1. I'm Gonna Sit Right Down and Write Myself a Letter 2. Home (When Shaddows Fall) 3. It's Only a Paper Moon 4. More Than I Can Wish You 5. The Glory of Love 6. We Three (My Echo, My Shadow, and Me) 7. Ac-cent-tchu-ate the Positive 8. My Valentine 9. Always 10.My Very Good Friend the Milkman 11.Bye Bye Blackbird 12.Get Yourself Another Fool 13.The Inch Worm 14.Only Our Hearts

 

WWen Paul McCartney first came to public attention in 1963, he was just 21 — mop-topped, fresh-faced, and endlessly melodic. Few could have imagined that, half a century later, he'd still be recording and releasing music with both relevance and grace. Least of all McCartney himself, whose tongue-in-cheek portrayal of dotage in When I’m Sixty-Four now reads like gentle foreshadowing rather than whimsy.
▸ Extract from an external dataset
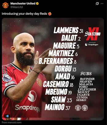 Manchester United Team vs Manchester City - English Premier League 17 January 2026 | Starting XI: Lammens, Dalot, Maguire, Martinez, Shaw, Casemiro, Mainoo, Fernandes, Dorgu, Amad, Mbeumo

And yet, here we are. In 2012, now comfortably past the age of collecting a pension and with a knighthood tucked neatly under his belt, McCartney delivered Kisses on the Bottom — an album that seems deliberately crafted to sound exactly like the kind of record a young Paul might have imagined making “when he got old.” That it was released just in time for Valentine’s Day was no coincidence.

This is McCartney in full crooner mode, paying affectionate tribute to the music hall and jazz standards of his youth. It is no great surprise. McCartney was always the romantic of the group — the man who, even in the wildest days of Beatlemania, wasn’t afraid to lace his records with orchestras, sentiment, and old-world charm. He had flirted with this style before (see A Taste of Honey or Honey Pie), but here he dives in completely. Think Sinatra with a Liverpudlian lilt.

The material — largely composed of covers — includes standards made famous by the likes of Tony Bennett and Dean Martin. McCartney handles them with disarming sincerity. His voice, now deeper and more textured with age, suits the arrangements surprisingly well. His phrasing is elegant, never forced, and the restraint on display is striking. These are not reinvented songs; they are lovingly interpreted ones.

The lone eyebrow-raiser is the inclusion of The Inch Worm — a peculiar choice that seems more suited to school assemblies than supper clubs. Originally penned by Frank Loesser and introduced in a Danny Kaye film, it is sweet, whimsical, and not particularly romantic — unless arithmetic happens to be your love language.

Curiously, McCartney’s only surviving bandmate, Ringo Starr, attempted something vaguely similar on his first solo record in 1970 — the curio that is Sentimental Journey. The results were patchy, in part because Ringo was still in his twenties and, more bluntly, lacked the vocal finesse required to pull it off. McCartney, by contrast, arrives at this project with both the years and the instincts to make it work. He is, after all, the man for whom melody has always come as naturally as breathing.

Kisses on the Bottom is not designed to compete with McCartney’s classic work. It is a side project in the truest sense — a gentle indulgence, a tip of the hat to his childhood influences. Yet for all its quietness, it reveals something fundamental about the man: his reverence for songcraft, his refusal to chase trends, and his enduring desire to create beauty.

And yes — your gram might very well enjoy this one. Though chances are, she's younger than McCartney himself.